**Aim of the exercise**
Retype exactly the lines from the one that contains "7月18日,中意警员在上海外滩进行联合巡逻。新华社发" through the end of the listing, both included, but not the pictures.
*** Opening Information shown ***
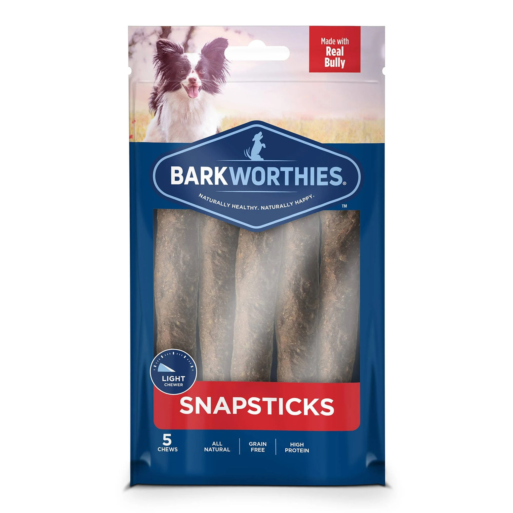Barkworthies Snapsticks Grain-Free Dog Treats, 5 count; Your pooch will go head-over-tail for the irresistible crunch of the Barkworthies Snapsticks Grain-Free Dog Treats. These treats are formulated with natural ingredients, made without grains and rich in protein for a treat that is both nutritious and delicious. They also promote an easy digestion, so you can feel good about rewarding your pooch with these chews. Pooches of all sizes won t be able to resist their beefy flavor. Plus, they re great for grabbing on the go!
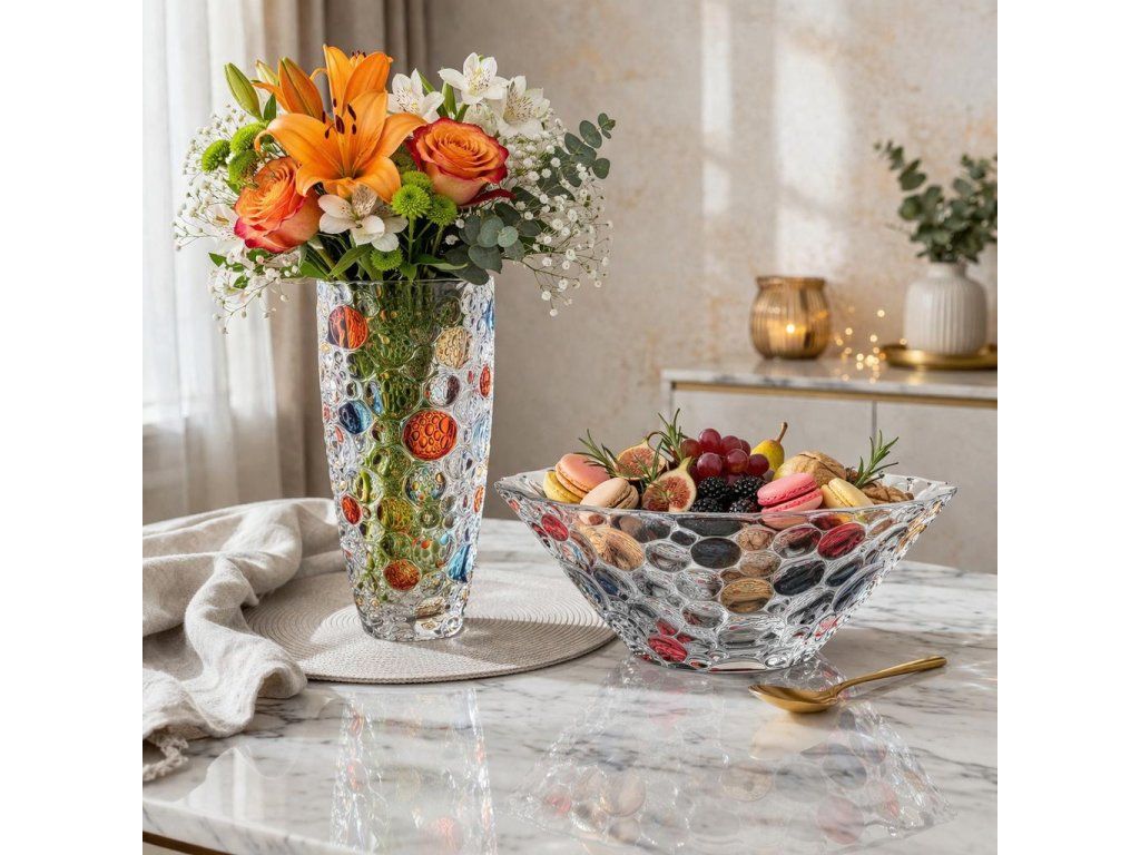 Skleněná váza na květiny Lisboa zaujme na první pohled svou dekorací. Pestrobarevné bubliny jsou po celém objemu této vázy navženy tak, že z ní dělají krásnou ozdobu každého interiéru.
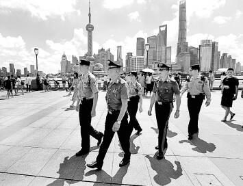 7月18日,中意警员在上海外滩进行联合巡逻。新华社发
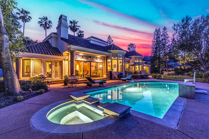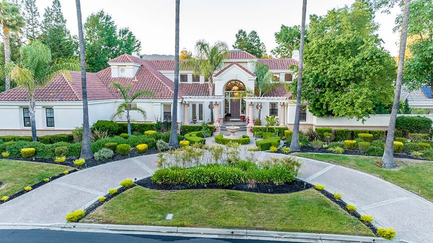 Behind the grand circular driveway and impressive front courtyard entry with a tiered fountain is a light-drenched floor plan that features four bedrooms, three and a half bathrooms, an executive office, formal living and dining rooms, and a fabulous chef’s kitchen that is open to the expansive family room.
*** Closing Information shown ***
**Result of this task**
 7月18日,中意警员在上海外滩进行联合巡逻。新华社发
 Behind the grand circular driveway and impressive front courtyard entry with a tiered fountain is a light-drenched floor plan that features four bedrooms, three and a half bathrooms, an executive office, formal living and dining rooms, and a fabulous chef’s kitchen that is open to the expansive family room.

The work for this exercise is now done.